Last month was a big month for the civil rights community as the Supreme Court finally recognized same-sex marriage, but this wasn’t the only win. The Supreme Court also preserved the legal doctrine of disparate impact in a fair-housing case (pdf). While it doesn’t have the same direct, emotional impact as the gay-marriage case, the court’s decision regarding disparate impact is huge, and not just for equal rights in housing but also in other areas of civil rights law.
“Disparate impact” is a legal theory used by fair-housing advocates to demonstrate that a policy or practice has a disproportionate effect on a traditionally marginalized group. Because today people are less likely to explain their actions as being motivated by racial animus, suing someone based on intentional discrimination has become harder. People aren't as likely to say out loud things that are overtly racist; rather, we have been socialized so that what was previously expressed explicitly instead becomes a sanitized euphemism.

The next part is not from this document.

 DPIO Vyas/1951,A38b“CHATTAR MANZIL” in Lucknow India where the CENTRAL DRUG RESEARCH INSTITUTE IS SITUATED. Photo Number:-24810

“I don’t like black people, so I don’t want to live in that neighborhood" has become an innocuous “I don’t feel comfortable in that neighborhood.” In an age in which our biases are increasingly swept under the carpet and disguised, disparate impact is one of the few ways civil rights advocates have of rooting out systemic discrimination. If we’d lost this legal tool last month, civil rights would have been set way, way back.
But in addition to preserving this important legal theory, the decision is also important for the court’s acknowledgment of unconscious bias. Justice Anthony Kennedy, on behalf of the majority of the court, wrote (pdf): “Recognition of disparate-impact liability under the FHA [Fair Housing Act] also plays a role in uncovering discriminatory intent: It permits plaintiffs to counteract the unconscious prejudices and disguised animus that escape easy classification as disparate treatment.” This is one of the first times the court has recognized the impact of unconscious biases, per se, in a majority opinion (although there has been some discussion of implicit bias and unconscious stereotyping, especially in dissents or nonmajority opinions).

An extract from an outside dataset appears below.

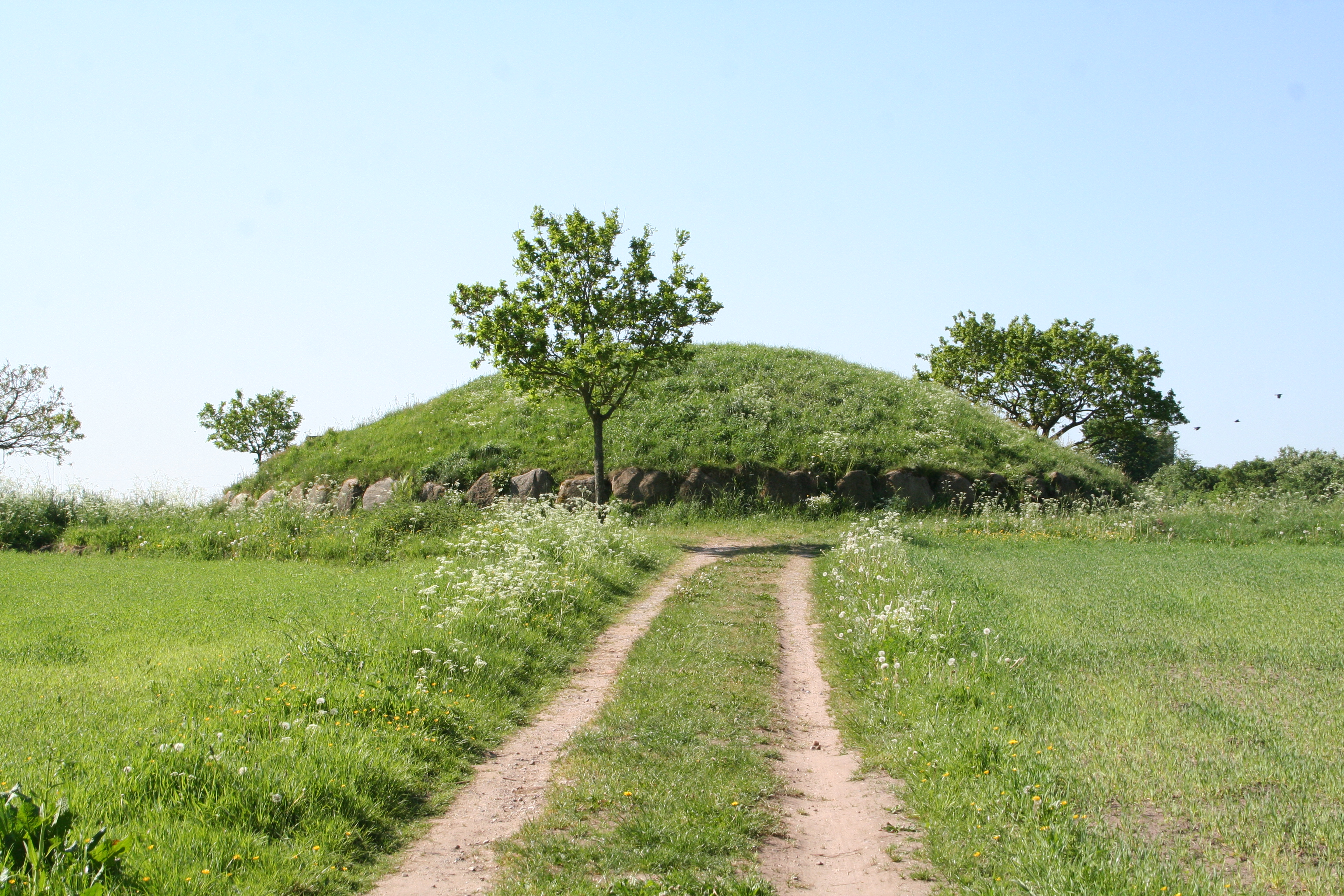 Rugballe Grønhøj near Horsens, Midtjylland, Denmark

Evidence that unconscious bias affects all ranges of decisions within the housing context is plentiful. One study (pdf) found that housing providers (i.e., landlords and real estate agents) replied to 89 percent of emails from home seekers with white-sounding names, but to only 61 percent of emails from home seekers if they had a nonwhite-sounding name.
Implicit bias may also affect how we evaluate property. In one study (pdf), participants were asked to evaluate a house for sale by viewing pictures and a profile of a house. Although the information about the house remained constant, the researchers varied the race of the family selling the home by inserting a picture of a white or a black family into the picture of the living room.

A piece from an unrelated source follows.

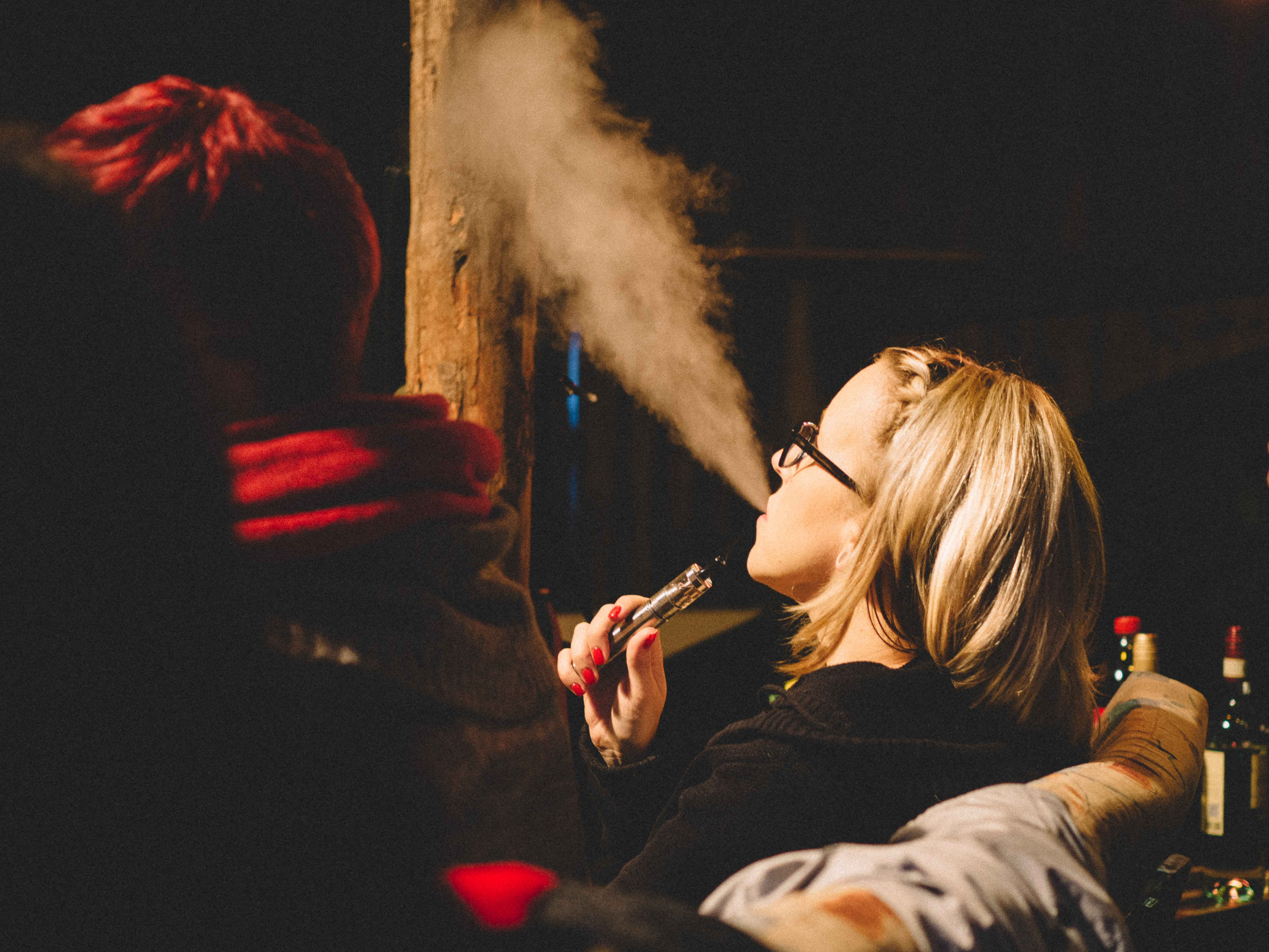 A young blonde woman blows vapor after taking a drag from an e-cigarette which she holds in her right hand.

What were the results? Participants who evaluated the house when it was listed as for sale by a black family rated it more negatively in value and likability than did participants who evaluated the house when it was listed as for sale by a white family.
Similarly, in another study, researchers tested white participants’ willingness to place a chemical plant in predominantly minority or white neighborhoods. The researchers found that, regardless of how participants explicitly described their feelings toward blacks, they were still more likely to be comfortable placing a chemical plant in a minority rather than in a white neighborhood. Fair-housing advocates and academics submitted numerous briefs (pdf) to the court in advance of its decision detailing these and other effects of implicit bias on housing.
Because courts considering a disparate-impact claim look at the results, rather than the intention, behind a decision or policy, disparate impact is an important tool for rooting out both explicit, purposeful discrimination and unconscious discrimination. Although unconscious bias is difficult to address because of its shadowy nature, advocates have risen to the challenge, and as last month’s decision shows, the highest court has begun to listen.
A. Gordon is a civil rights attorney in Washington, D.C.